[PATCH] tracing: fgraph: Protect return handler from recursion loop

Masami Hiramatsu (Google) posted 1 patch 1 week, 5 days ago
kernel/trace/fgraph.c |   12 ++++++++++++
1 file changed, 12 insertions(+)
[PATCH] tracing: fgraph: Protect return handler from recursion loop
Posted by Masami Hiramatsu (Google) 1 week, 5 days ago
From: Masami Hiramatsu (Google) <mhiramat@kernel.org>

function_graph_enter_regs() prevents itself from recursion by
ftrace_test_recursion_trylock(), but __ftrace_return_to_handler(),
which is called at the exit, does not prevent such recursion.
Therefore, while it can prevent recursive calls from
fgraph_ops::entryfunc(), it is not able to prevent recursive calls
to fgraph from fgraph_ops::retfunc(), resulting in a recursive loop.
This can lead an unexpected recursion bug reported by Menglong.

 is_endbr() is called in __ftrace_return_to_handler -> fprobe_return
  -> kprobe_multi_link_exit_handler -> is_endbr.

To fix this issue, acquire ftrace_test_recursion_trylock() in the
__ftrace_return_to_handler() after unwind the shadow stack to mark
this section must prevent recursive call of fgraph inside user-defined
fgraph_ops::retfunc().

This is essentially a fix to commit 4346ba160409 ("fprobe: Rewrite
fprobe on function-graph tracer"), because before that fgraph was
only used from the function graph tracer.
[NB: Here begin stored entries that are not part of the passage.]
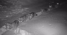 Il filme une meute de loups en file indienne dans la neige quelque part en Savoie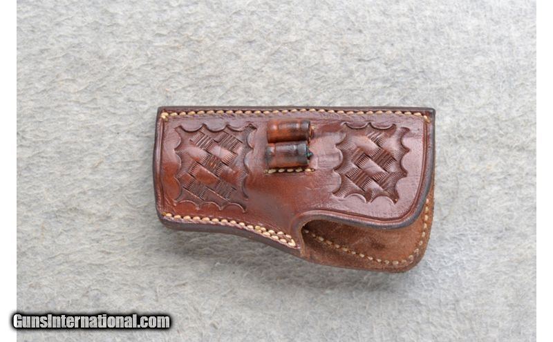 Description: This Hi-Standard Model DM-101 is a 2 shot derringer in .22 Magnum Cal. It has 3.5 inch barrels. Integral blade front and notch rear sights. The grip is a smooth ivory colored hard plastic. It comes with a nice brown leather holster. .22 MAG SOLD Chambers: .22 Magnum 2 shot. Metal Condition: Very good. Bore Condition: Very good. Barrels: 3.5 inch. Weight: 12 oz. Sights: Integral blade front. Integral notch rear. Item Location: Richfield, WI |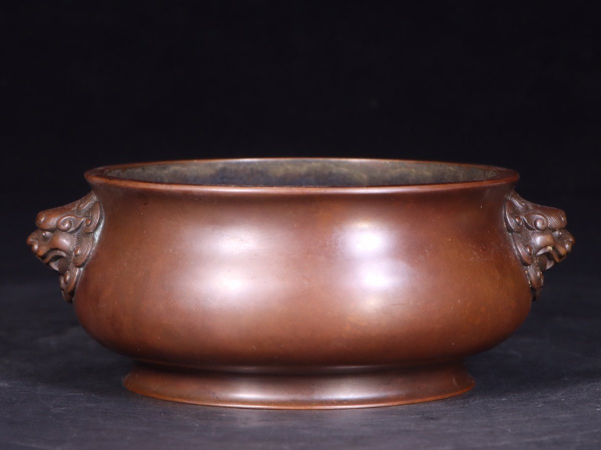 - 【安】明時代 大明宣徳年製 銅胎 獅耳香炉 極細工 古置物 古擺件 中国古美術 時代物 古董品 269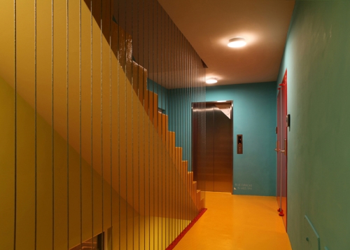 U suprotnosti sa blistavo belom fasadom zgrade, unutrašnji šareni prostori se otvaraju posetiocu prolaskom kroz crvena ulazna vrata. Šetajući se od ulaza u zgradu do vrata svakog stana, posetioci mogu pronaći neočekivane prostore i scene koje se pojavljuju u svakom ćošku. Žute stepenice se presecaju sa svetlo plavim i žutim zidovima. Svaki put kada se otvore crvena vrata, ljudi se suočavaju sa šarenilom slika.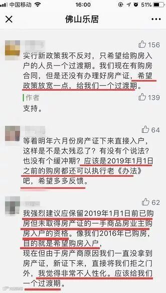 不少网友在留言区写下心声和呼吁:希望政策给予购房入户过渡期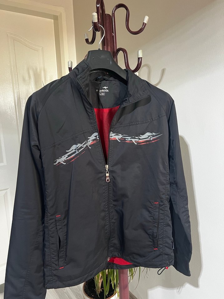 Yüksek yakalı, uzun kollu ve dar kesimli siyah erkek eşofman üstü. Sentetik kumaştan, fermuarlı ve baskılı desene sahip, spor tarz için uygun.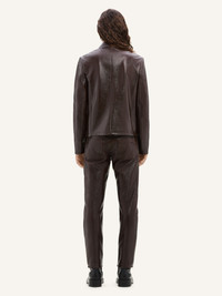 Long-sleeved vinyl biker jacket with stand-up collar. Shaded AC logo on chest. Zipped and center front pockets. The model is 1.85m tall and wears a size 48. DETAILS Composition: 88% cotton, 10% polyurethane, 2% elastane Country of Manufacture: SK SKU: 324CBL195VY00141983 Color: Chocolate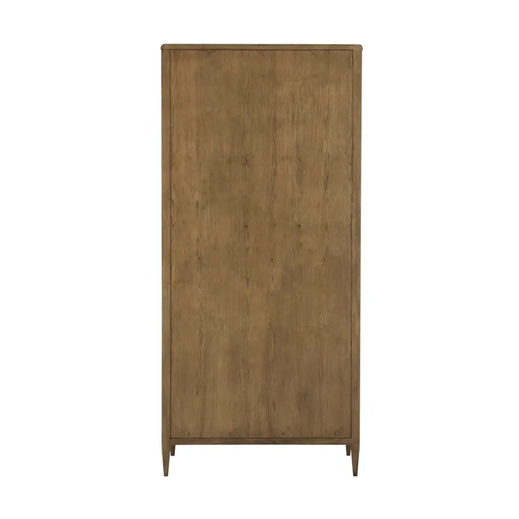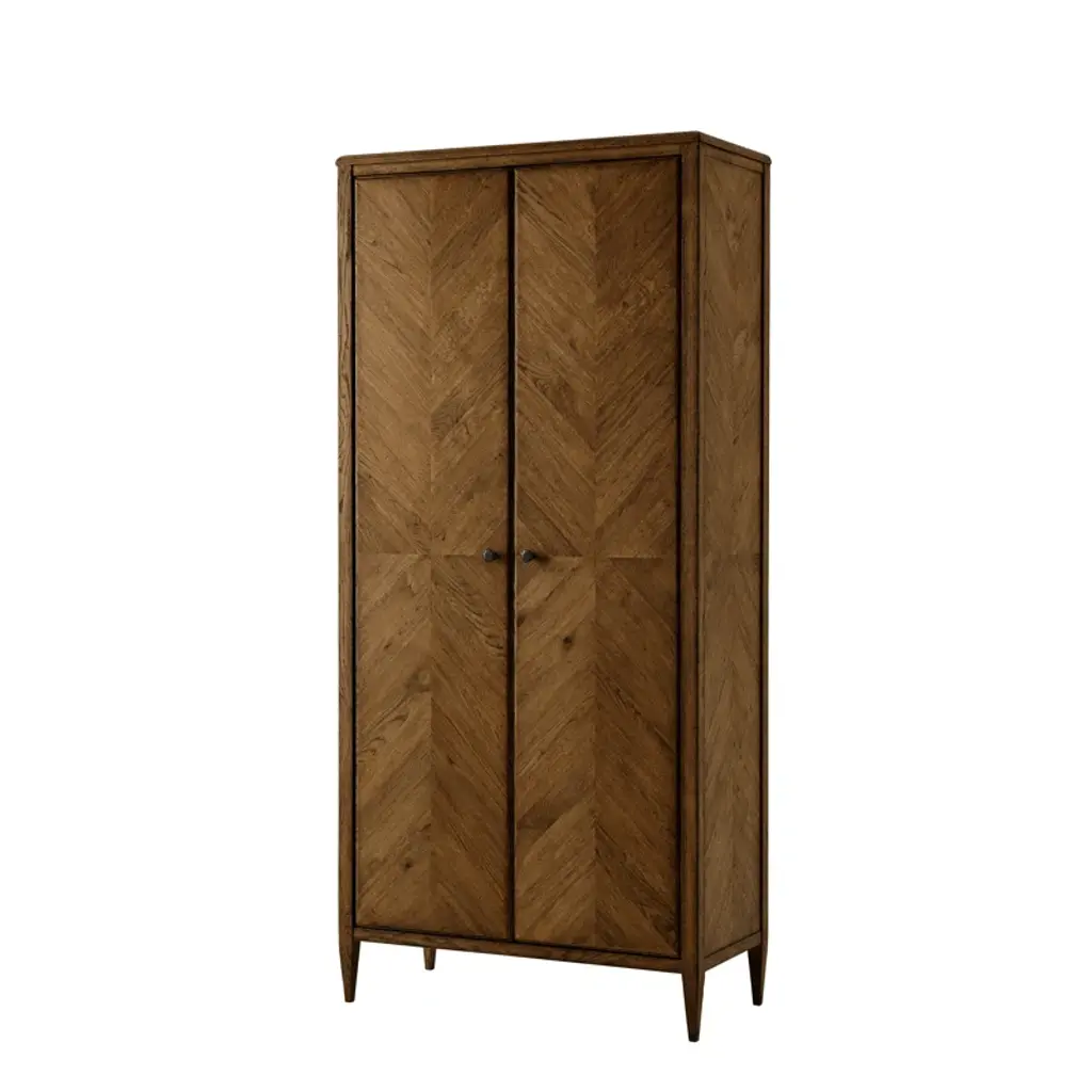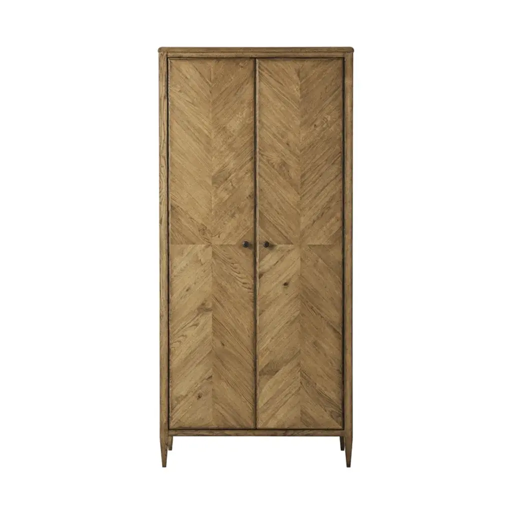 Double oak mirrored herringbone parquetry doors, this wardrobe is built with attention and care. Adorned with our elegant Verde bronze knobs and resting upon a tapered leg for added support.

Fprobe allowed user to run
any callbacks from fgraph after that commit.

Reported-by: Menglong Dong <menglong8.dong@gmail.com>
Closes: https://lore.kernel.org/all/20250918120939.1706585-1-dongml2@chinatelecom.cn/
Fixes: 4346ba160409 ("fprobe: Rewrite fprobe on function-graph tracer")
Cc: stable@vger.kernel.org
Signed-off-by: Masami Hiramatsu (Google) <mhiramat@kernel.org>
---
 kernel/trace/fgraph.c |   12 ++++++++++++
 1 file changed, 12 insertions(+)

diff --git a/kernel/trace/fgraph.c b/kernel/trace/fgraph.c
index 1e3b32b1e82c..08dde420635b 100644
--- a/kernel/trace/fgraph.c
+++ b/kernel/trace/fgraph.c
@@ -815,6 +815,7 @@ __ftrace_return_to_handler(struct ftrace_regs *fregs, unsigned long frame_pointe
 	unsigned long bitmap;
 	unsigned long ret;
 	int offset;
+	int bit;
 	int i;
 
 	ret_stack = ftrace_pop_return_trace(&trace, &ret, frame_pointer, &offset);
@@ -829,6 +830,15 @@ __ftrace_return_to_handler(struct ftrace_regs *fregs, unsigned long frame_pointe
 	if (fregs)
 		ftrace_regs_set_instruction_pointer(fregs, ret);
 
+	bit = ftrace_test_recursion_trylock(trace.func, ret);
+	/*
+	 * This must be succeeded because the entry handler returns before
+	 * modifying the return address if it is nested. Anyway, we need to
+	 * avoid calling user callbacks if it is nested.
+	 */
+	if (WARN_ON_ONCE(bit < 0))
+		goto out;
+
 #ifdef CONFIG_FUNCTION_GRAPH_RETVAL
 	trace.retval = ftrace_regs_get_return_value(fregs);
 #endif
@@ -852,6 +862,8 @@ __ftrace_return_to_handler(struct ftrace_regs *fregs, unsigned long frame_pointe
 		}
 	}
 
+	ftrace_test_recursion_unlock(bit);
+out:
 	/*
 	 * The ftrace_graph_return() may still access the current
 	 * ret_stack structure, we need to make sure the update of
Re: [PATCH] tracing: fgraph: Protect return handler from recursion loop
Posted by Steven Rostedt 1 week, 5 days ago
On Fri, 19 Sep 2025 20:57:36 +0900
"Masami Hiramatsu (Google)" <mhiramat@kernel.org> wrote:

> From: Masami Hiramatsu (Google) <mhiramat@kernel.org>
> 
> function_graph_enter_regs() prevents itself from recursion by
> ftrace_test_recursion_trylock(), but __ftrace_return_to_handler(),
> which is called at the exit, does not prevent such recursion.
> Therefore, while it can prevent recursive calls from
> fgraph_ops::entryfunc(), it is not able to prevent recursive calls
> to fgraph from fgraph_ops::retfunc(), resulting in a recursive loop.
> This can lead an unexpected recursion bug reported by Menglong.
> 
>  is_endbr() is called in __ftrace_return_to_handler -> fprobe_return
>   -> kprobe_multi_link_exit_handler -> is_endbr.  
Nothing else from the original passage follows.